Yes, I did see Zak yesterday.  Conversations that take like, 10 minutes for normal people take us around 2 days to complete.  He asked me yesterday, "so how old are you?"  I told him.  I also told him that I was born eight days prior to his 11th birthday, just to impress him with my mathematical skills.  It turns out that October 29 is also his mother's birthday.  Small fuckin' world, isn't it?  We talked more, just about stupid things like high school and family and working.  He told me that his first "real" job involved being a file clerk for an insurance agency.  He created the filing system for them.  They loved him.  He hated it.  It's so good for me to finally meet an intelligent person who, by normal social standards, is considered an idiot and a loser.  What the fuck do the "normal social standards" count for, anyway?  By normal social standards, I'm a psychopath who should probably be locked in a padded cell for a long, long time.

I found myself thinking yesterday, "I don't want to fall in love with him."  Then I began to ask myself why.  All the "typical" things started to fill my brain...he's a fugitive from the Internal Revenue Service (hasn't filed a tax return in, oh, ten years)...he's a fugitive from just about every taxing organization around (owns a beat-up pickup truck with a friend's name on the title, doesn't have insurance on it or on anything else for that matter)...he smokes way,
way too much pot...he doesn't have a steady source of income...  And then I started to ask myself, "why does any of that matter?  You're not looking for a stable hubby to father your 3.2 children and buy you a house with a white picket fence.  If you're going to be truly 'independent,' can't you fall in love with whoever you want?" 

Why yes...I suppose I can.  But love is sticky.  Love is complicated.  Love takes an otherwise good thing and turns it into horseshit.  Love is grossly overrated.  Love is what drives cab drivers to drink and poets to suicide.  Can we just be "friends with privileges?"  Tacky, yes; detached, yes; callous, yes; all of those things and more.  But infinitely safer for everyone involved.
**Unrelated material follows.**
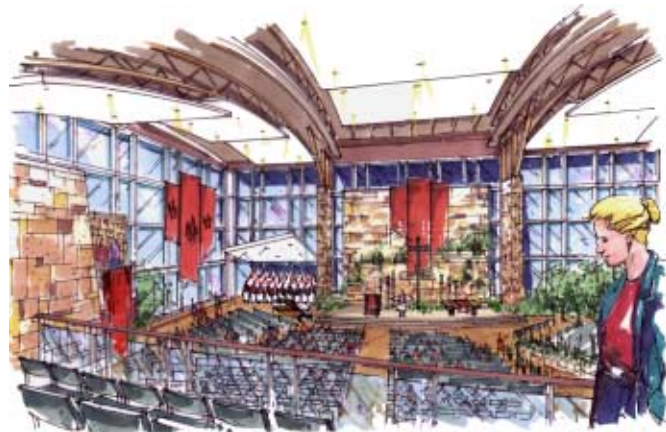
The 20,000 s.f. Celebration Center is the signature component for Shepherd's Path. It is the center of all activity, the place where "all paths meet." Seating 1,000, the facility provides space for all types of worship, concerts, and lectures.

The design of the park-like “celebration center” uses trees, rocks, water, and expansive views to evoke a sense of the holiness in all creation. Subtle images of the cross will appear through cracks and fissures in a large rock wall.

After all, I love Megan...and look how that turned out.  But I really don't want to get into that.  We're doing okay.  She told me last night, when I asked her why she seemed down, that "you seem happier now that we've broken up."  In a lot of ways, yes, I am.  But in a lot of ways, too, I realize that I've lost something that either could have been or was wonderful, and that I can never get it back, and that hurts more than any happiness I may be experiencing.  But I know leaving her is what has to be done.  For the sake of both of us.  Because I don't think that together, we would both be able to realize our dreams.  Apart, we at least have a shot.

I don't want to fall in love with Zak.  Falling in love puts dark glasses over what would otherwise be clear vision.  When you fall in love, everything takes on that melancholy, "the-world-is-about-to-end" quality that overshadows even those things that first attracted you to the person.  And I don't want that.  I don't want to forget the way his eyes lower when he's embarrased.  I don't want to forget that this is a man who spent his childhood in a "home for wayward youth," dropped out of high school, nearly got a perfect score on the GED exam, went to college, dropped out, and manages to be relatively self-sufficient, has enough money to support himself and his medically challenged dog, and seems to know the score.  I don't want to forget that this guy who professes to hate everything and everybody takes time out of his day to hug and kiss each of my three dogs and won't even let his own dog hurt baby rabbits.

I don't know what happens from here.  When I figure it out, I'll be sure to let you know.